We have by definition of the adjacency operator for a function \(f : V \rightarrow \mathbb {C}\) and \(x \in V\),

\begin{equation*} af(x) = \sum _{d \in \mathrm{dartSet}(x)} f(\mathrm{end}(d)) = \sum _{i=1}^k \sum _{\epsilon = \pm 1} f(\pi _i^\epsilon (x)) = \sum _{i=1}^k (f(\pi _i^{-1}(x)) + f(\pi _i(x))) \end{equation*}

which leads to the conclusion as we recognise \(u_{\pi _i}\) and \(u_{\pi _i^{-1}} = u_{\pi _i}^*\).

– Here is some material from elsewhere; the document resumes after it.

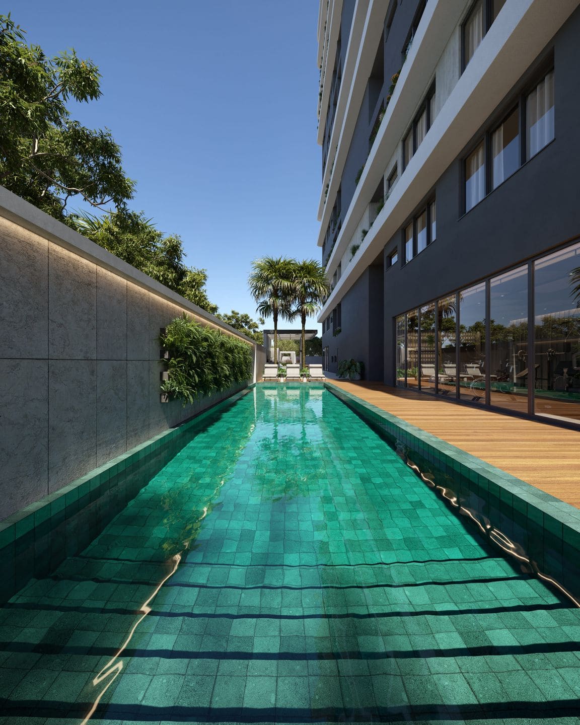 A área de lazer é um verdadeiro refúgio de bem-estar e sofisticação, pensada para atender aos mais exigentes perfis. Com piscina adulto e infantil, proporciona momentos refrescantes em família, enquanto o espaço kids interno e externo, sala de jogos e brinquedoteca garantem a diversão das crianças com segurança e conforto. Os ambientes sociais se destacam com o pub, salão de festas mobiliado e decorado, além de uma charmosa churrasqueira externa ideal para confraternizações.

In what follows, we write \(\mathfrak {S}_{n}\) for the set of permutations of \([n]\).

Definition 108

Let \(k, n \geq 1\) be integers. A random permutation graph of degree \(2k\) with \(n\) vertices is the graph associated to a family \(\vec{\pi } = (\pi _1, \ldots , \pi _k) \in \mathfrak {S}_{n}\) of \(k\) i.i.d. uniform elements of \(\mathfrak {S}_{n}\). We denote by \(\mathrm{Prob}_{n,\delta }\) the corresponding probability measure on the space of \(\delta \) regular graphs with vertex set \([n]\).